═══ RAW DATA
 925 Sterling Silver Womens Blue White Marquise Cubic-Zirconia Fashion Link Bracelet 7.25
══════
═══ RAW DATA
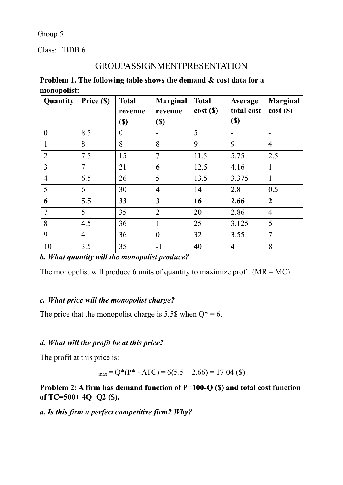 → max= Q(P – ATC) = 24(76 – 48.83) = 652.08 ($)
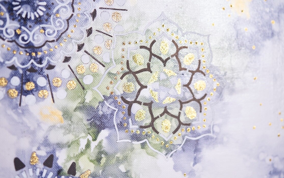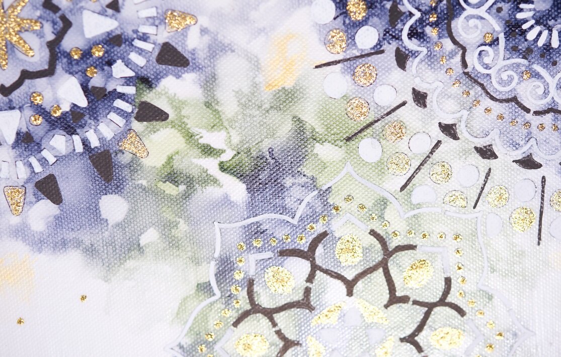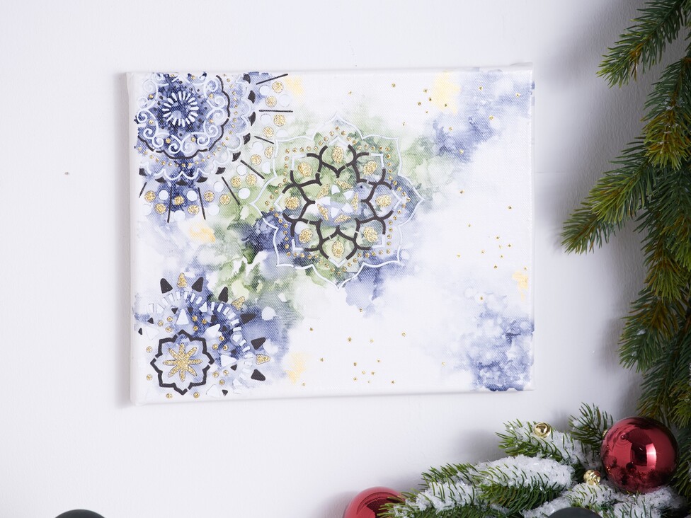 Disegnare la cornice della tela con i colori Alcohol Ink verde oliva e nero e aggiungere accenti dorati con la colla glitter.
══════
═══ RAW DATA
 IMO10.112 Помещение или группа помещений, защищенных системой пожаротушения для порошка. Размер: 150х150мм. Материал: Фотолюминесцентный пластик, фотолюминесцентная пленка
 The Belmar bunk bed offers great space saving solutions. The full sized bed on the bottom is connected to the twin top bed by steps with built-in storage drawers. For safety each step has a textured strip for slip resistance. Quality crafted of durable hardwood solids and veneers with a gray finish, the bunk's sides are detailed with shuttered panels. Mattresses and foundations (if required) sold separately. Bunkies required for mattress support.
══════
EXERCISE PROMPT: Look above for the line with "48.83) = 652.08 ($)" and copy exactly from it through the line with "Disegnare la cornice", both included. Omit the pictures.

ANSWER AREA:
 → max= Q(P – ATC) = 24(76 – 48.83) = 652.08 ($)
 Disegnare la cornice della tela con i colori Alcohol Ink verde oliva e nero e aggiungere accenti dorati con la colla glitter.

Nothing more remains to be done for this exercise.